-- Dataset extract follows --

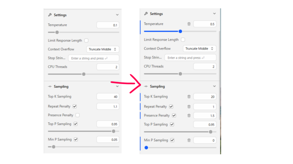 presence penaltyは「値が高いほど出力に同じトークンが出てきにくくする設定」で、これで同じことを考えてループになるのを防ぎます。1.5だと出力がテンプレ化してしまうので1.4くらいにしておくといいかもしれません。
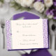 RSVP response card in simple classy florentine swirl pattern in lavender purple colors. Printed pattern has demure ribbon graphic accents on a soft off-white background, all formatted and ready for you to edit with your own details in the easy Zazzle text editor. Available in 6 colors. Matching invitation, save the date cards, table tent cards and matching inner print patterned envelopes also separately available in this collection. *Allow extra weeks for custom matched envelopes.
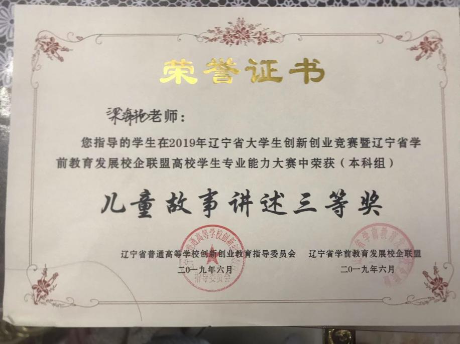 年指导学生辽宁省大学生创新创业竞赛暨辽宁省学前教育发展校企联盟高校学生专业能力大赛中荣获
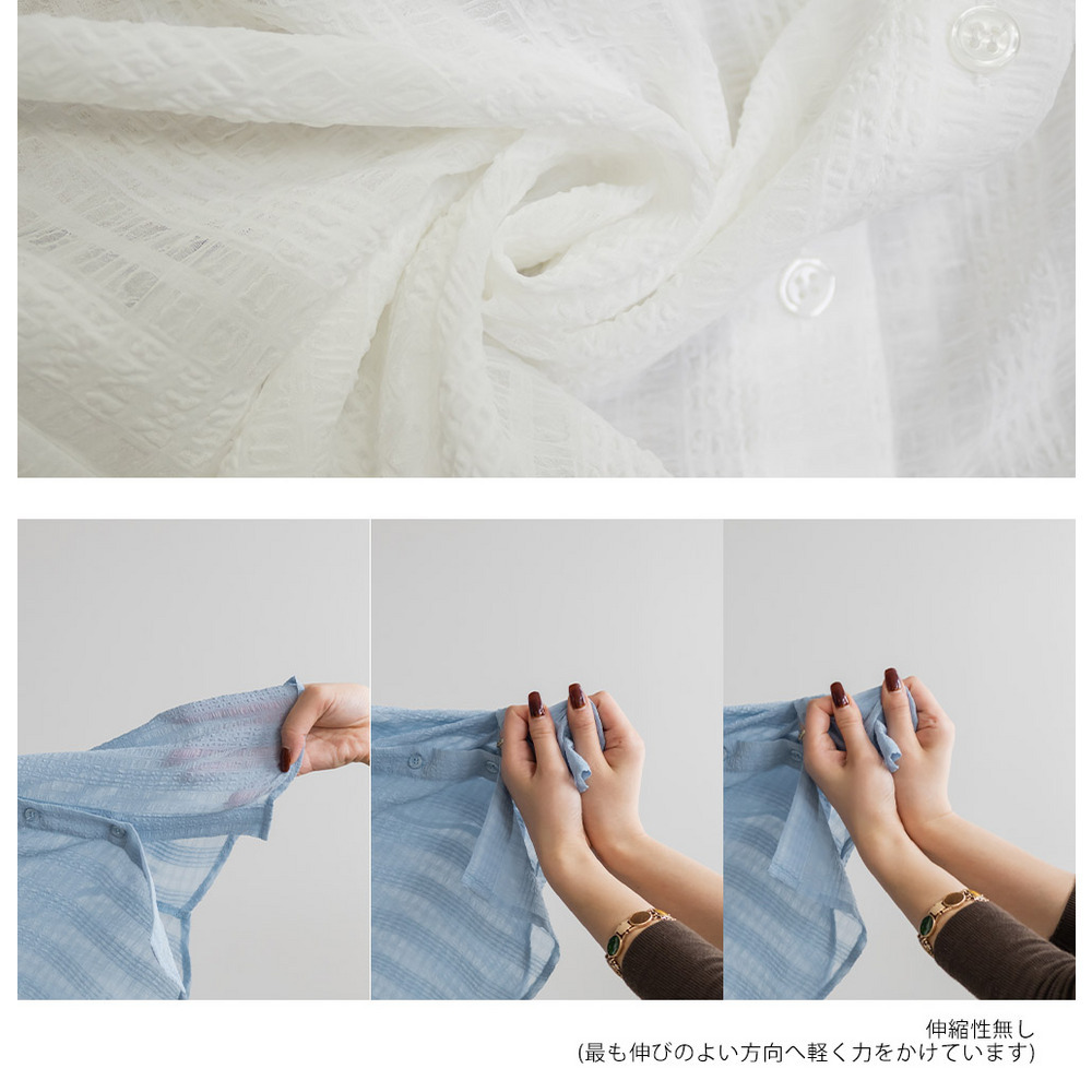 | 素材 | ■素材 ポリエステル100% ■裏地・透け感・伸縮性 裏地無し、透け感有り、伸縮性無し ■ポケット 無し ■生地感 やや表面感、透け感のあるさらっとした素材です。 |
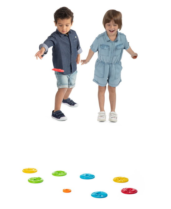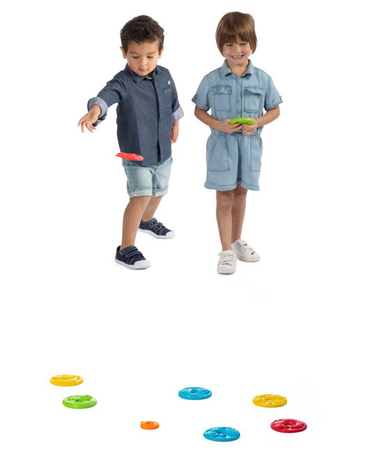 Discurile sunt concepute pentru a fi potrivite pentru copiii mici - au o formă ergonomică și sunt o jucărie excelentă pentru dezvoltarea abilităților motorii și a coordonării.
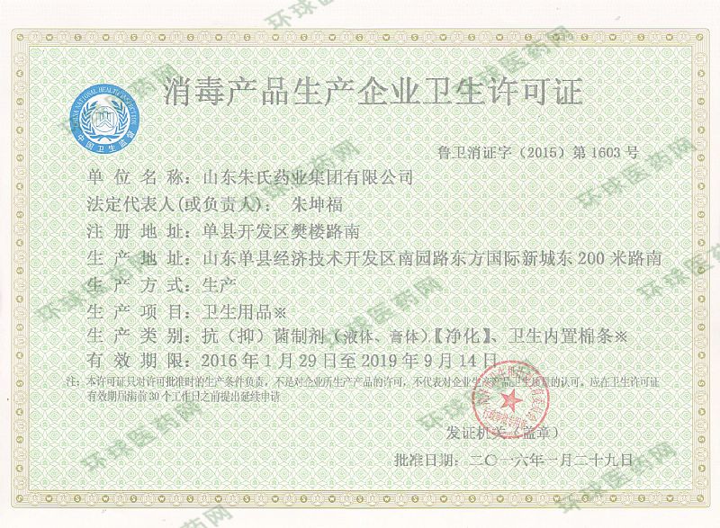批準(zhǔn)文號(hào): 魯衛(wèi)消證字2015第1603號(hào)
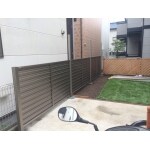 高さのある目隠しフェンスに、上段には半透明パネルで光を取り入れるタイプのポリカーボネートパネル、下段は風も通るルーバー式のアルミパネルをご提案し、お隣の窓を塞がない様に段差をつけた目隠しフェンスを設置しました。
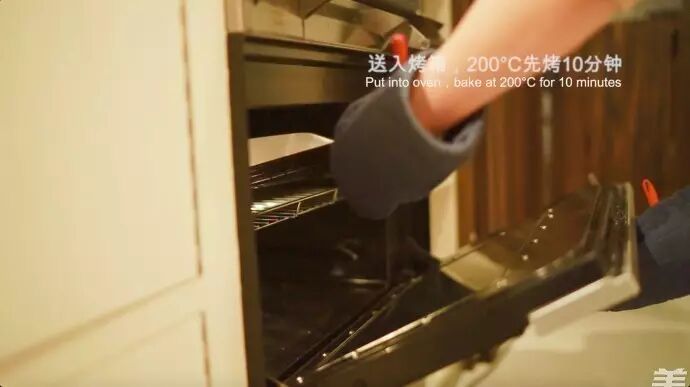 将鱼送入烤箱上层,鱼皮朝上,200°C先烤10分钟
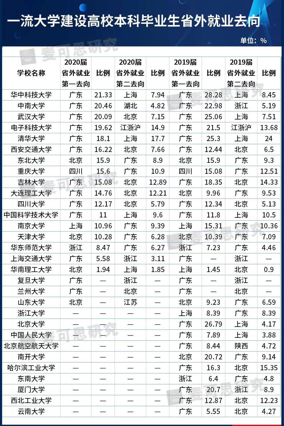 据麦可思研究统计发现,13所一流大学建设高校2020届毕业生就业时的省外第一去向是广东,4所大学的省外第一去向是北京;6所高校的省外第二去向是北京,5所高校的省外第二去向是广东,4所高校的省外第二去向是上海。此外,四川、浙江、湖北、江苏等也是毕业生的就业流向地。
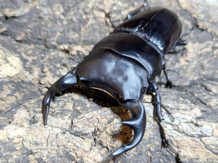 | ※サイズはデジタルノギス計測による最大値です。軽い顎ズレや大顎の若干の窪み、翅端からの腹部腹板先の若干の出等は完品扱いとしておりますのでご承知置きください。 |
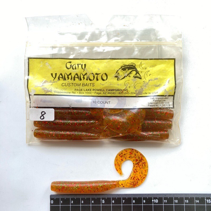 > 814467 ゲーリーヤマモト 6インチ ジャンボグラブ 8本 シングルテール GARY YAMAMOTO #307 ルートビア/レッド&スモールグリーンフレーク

-- Dataset extract concluded --
-- Dataset extract follows --

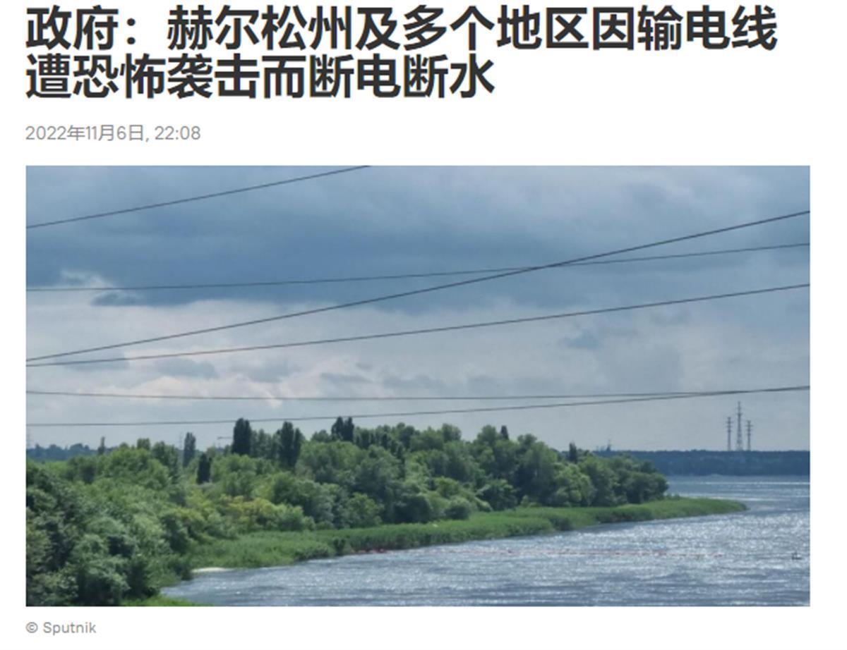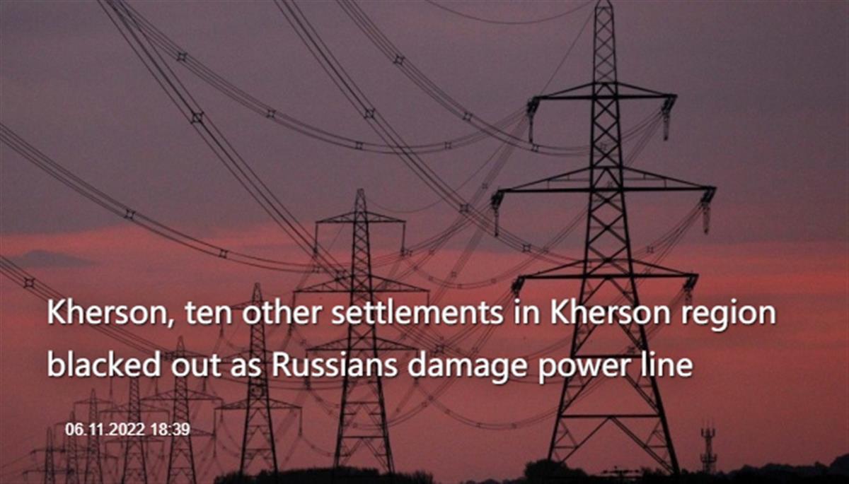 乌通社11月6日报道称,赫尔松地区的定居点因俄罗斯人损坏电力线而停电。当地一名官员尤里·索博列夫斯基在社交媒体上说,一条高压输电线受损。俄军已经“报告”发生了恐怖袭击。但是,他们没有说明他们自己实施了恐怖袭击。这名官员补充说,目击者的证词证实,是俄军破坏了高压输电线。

-- Dataset extract concluded --
-- Dataset extract follows --

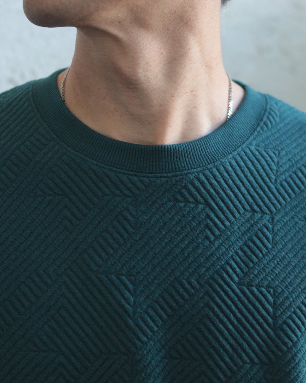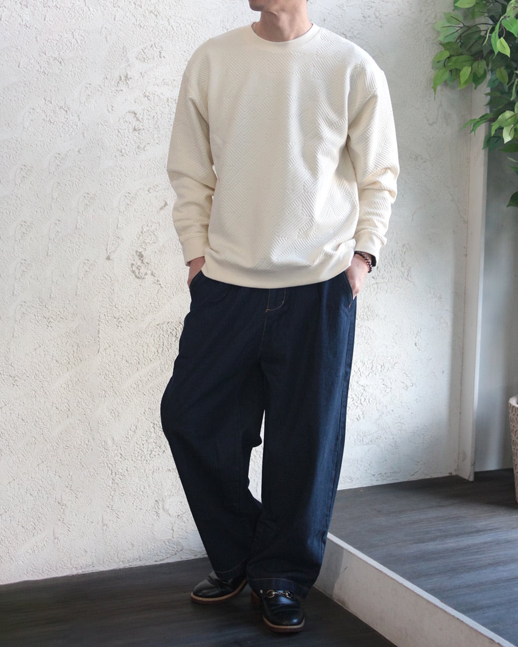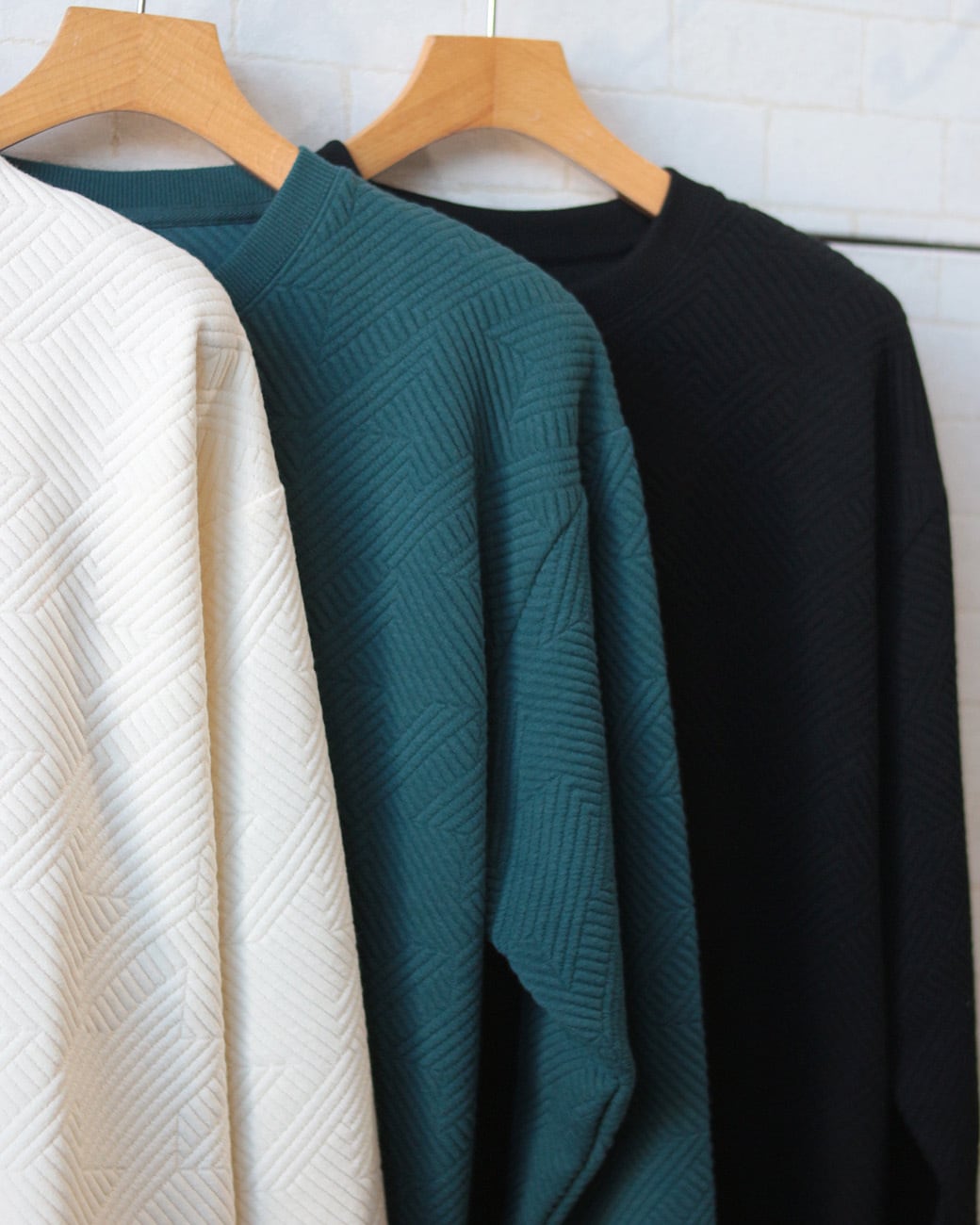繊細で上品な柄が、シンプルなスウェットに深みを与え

-- Dataset extract concluded --

• Task statement
Word for word, retype the lines in the entries above that run from the one with "将鱼送入烤箱上层,鱼皮朝上,200°C先烤10分钟" through the one with "YAMAMOTO #307 ルートビア/レッド&スモールグリーンフレーク". Both ends count; pictures do not.

• Task output
 将鱼送入烤箱上层,鱼皮朝上,200°C先烤10分钟
 据麦可思研究统计发现,13所一流大学建设高校2020届毕业生就业时的省外第一去向是广东,4所大学的省外第一去向是北京;6所高校的省外第二去向是北京,5所高校的省外第二去向是广东,4所高校的省外第二去向是上海。此外,四川、浙江、湖北、江苏等也是毕业生的就业流向地。
 | ※サイズはデジタルノギス計測による最大値です。軽い顎ズレや大顎の若干の窪み、翅端からの腹部腹板先の若干の出等は完品扱いとしておりますのでご承知置きください。 |
 > 814467 ゲーリーヤマモト 6インチ ジャンボグラブ 8本 シングルテール GARY YAMAMOTO #307 ルートビア/レッド&スモールグリーンフレーク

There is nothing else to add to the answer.